• Supplied information:
★ ★ ★ ★ ★
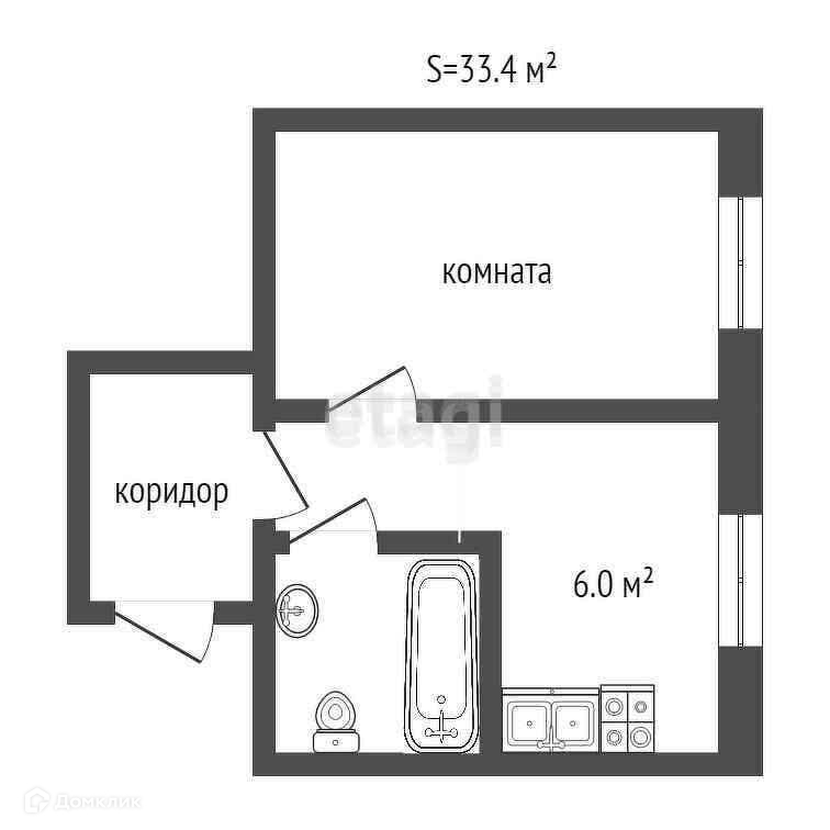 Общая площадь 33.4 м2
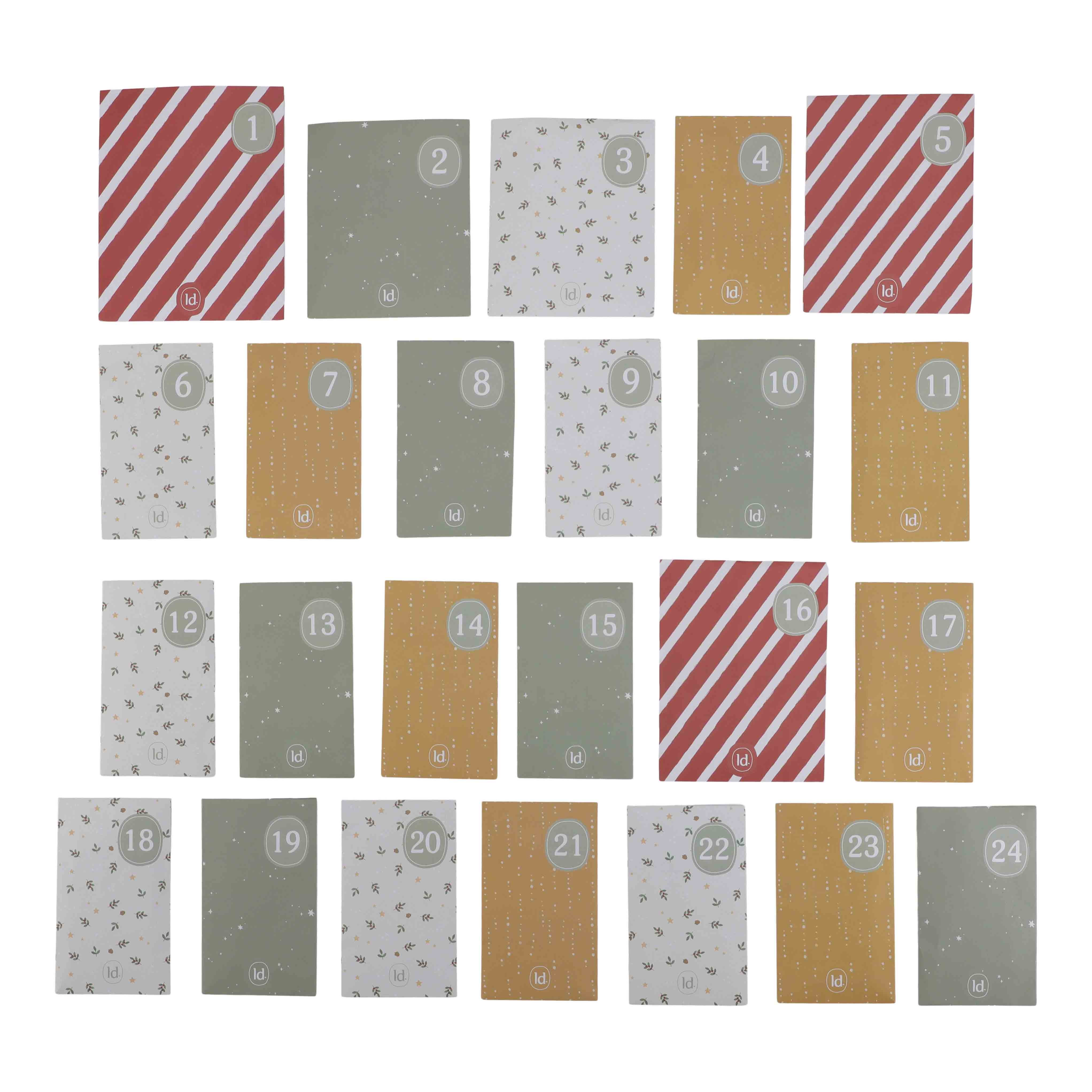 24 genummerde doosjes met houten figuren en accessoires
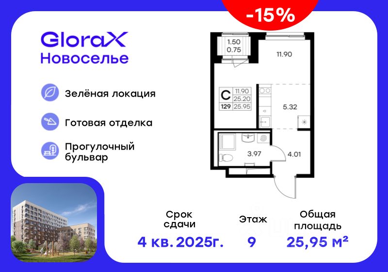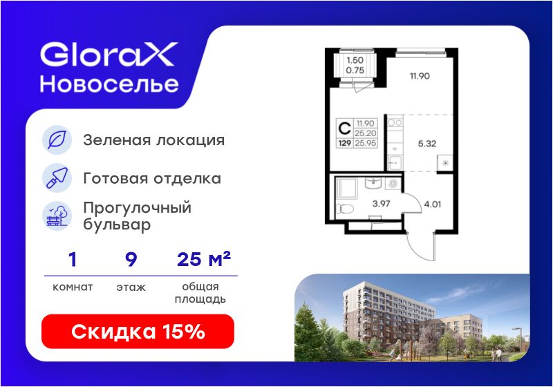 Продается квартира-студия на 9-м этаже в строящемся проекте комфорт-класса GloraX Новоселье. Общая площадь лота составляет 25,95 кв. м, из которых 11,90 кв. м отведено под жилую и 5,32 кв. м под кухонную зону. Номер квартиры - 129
★ ★ ★ ★ ★
Print, exactly and only, the lines running from the line with "24 genummerde doosjes" through the last line of the data, including both. Skip any picture.

 24 genummerde doosjes met houten figuren en accessoires
 Продается квартира-студия на 9-м этаже в строящемся проекте комфорт-класса GloraX Новоселье. Общая площадь лота составляет 25,95 кв. м, из которых 11,90 кв. м отведено под жилую и 5,32 кв. м под кухонную зону. Номер квартиры - 129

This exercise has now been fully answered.